Looking at the chain density, it looks like a lot of pools did not renew their KES keys.

Everyone, make sure your KES operation certificate is renewed, loaded and that you node is minting blocks, please!

1 Like

Remark/question

What was unclear to me : Do we have to generate a new KES key pair when we are about to rotate the validity period of the previous KES ?

As it turned out, you can keep the same KES, provided you change the starting period time. It works, and after some thoughts, it makes sense. What matters is the new --kes-period and that the node.skey signs it.

But security wise, is there a valid reason not to do it like that? We discussed it a bit with Marek and I am not sure how to proceed. If KES.skey is compromised, it anyway means your server has been breached somehow. So, the incident might occur again and again …

Any blind spot in my reasoning ?
Cheers

It depend on your use case. I can see an enterprise grade stake pool that is just a preformated black box, with keys on it, no physical access and the only thing that is not on the read-only file system would be the opcert on an usb key that is picked up on boot. Just an example.

Because if you think about it, with using the same channels to transfer your KES keys as well as your opcert is just another angle of attack.

But in most cases, I guess it is safe to generate new KES keys too.

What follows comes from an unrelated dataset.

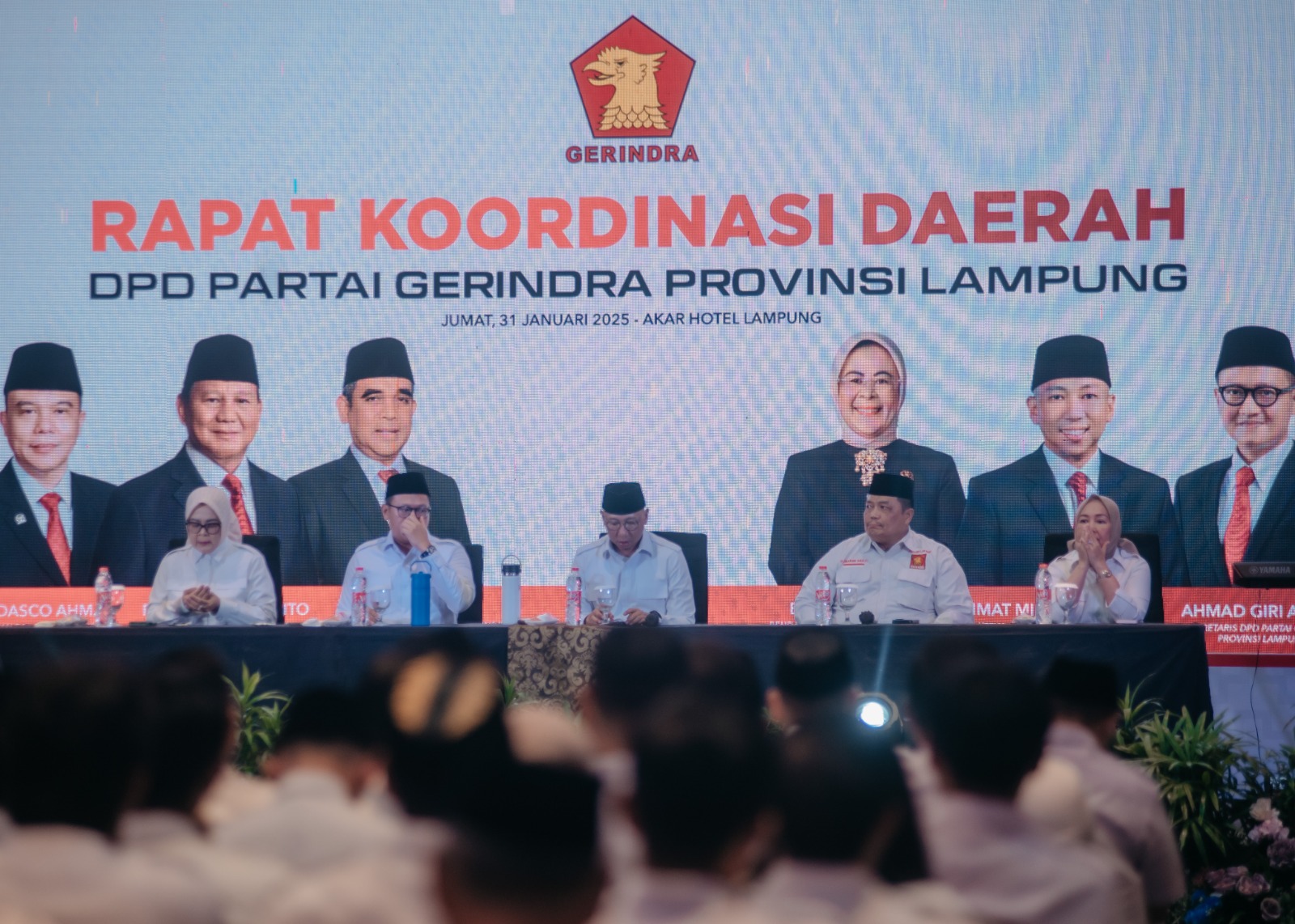 Bandar Lampung – Ketua Dewan Pimpinan Daerah (DPD) Partai Gerindra Provinsi Lampung, Rahmat Mirzani Djausal, menyampaikan pidato politiknya dalam Rapat Koordinasi Daerah (Rakorda) Partai Gerindra di Hotel Akar, Jumat malam (31/1). Dalam pidatonya, Mirza—sapaan Rahmat Mirzani Djausal—menekankan pentingnya kekompakan dan kerja keras seluruh kader untuk mewujudkan visi besar partai dan memenuhi harapan rakyat.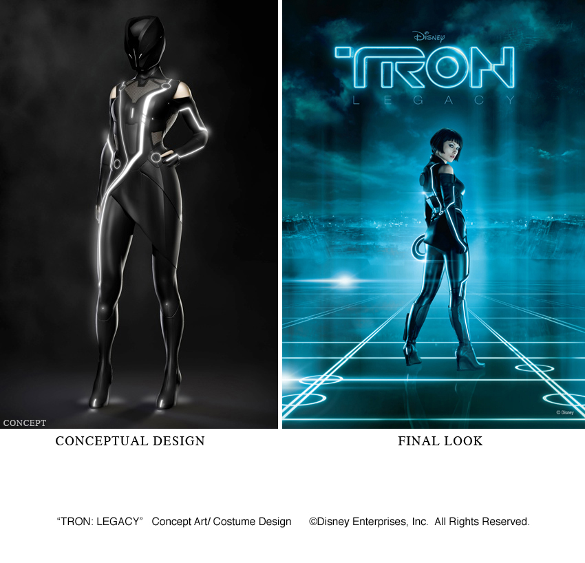 Pero vamos paso por paso, que “Tron: Legacy” tiene mucha tela de donde cortar aun sin que haya llegado a la pantalla grande. Y hablando de telas, vamos al vestuario. Esta es la primera ocasión en la historia del cine, que se utiliza de manera extendida vestuarios auto-iluminados. A mi definitivamente me impresionaron los trajes. Ademas de que los pude ver de cerca. Pues les cuento que el presupuesto inicial en este apartado fue de $13 millones de dólares (no se hasta donde se haya extendido, pero lo averiguaremos). Tan solo un traje hecho a la medida para los corredores costó 60 mil dólares. Otro dato súper interesante es que en el área del vestuario, la magia hispana estuvo involucrada, representada orgullosamente por Carlos Rosario, un afamado y talentoso diseñador con una amplia experiencia en el departamento de vestuario en producciones cinematográficas, participando en películas como “Sleepy Hollow,” “Planet of the Apes,” “Chicago” and “A series of Unfortunate Events”, por mencionar algunas.

Again, depends on individual use case.

You do not have to.

But you can fire up a new standby node in seconds/hours /w a new node cold counter, and the other compromised pool is demolished as soon as your new starts. Also, you would just loose some blocks therefore some rewards.

Also, opscert signing needs cold.skey, therfore the cert must be transferred, if that’s the case anyway I would be much more happy with new KES, then reuse the old ones.

Cold key is all about to prevent pools’ identity theft.

1 Like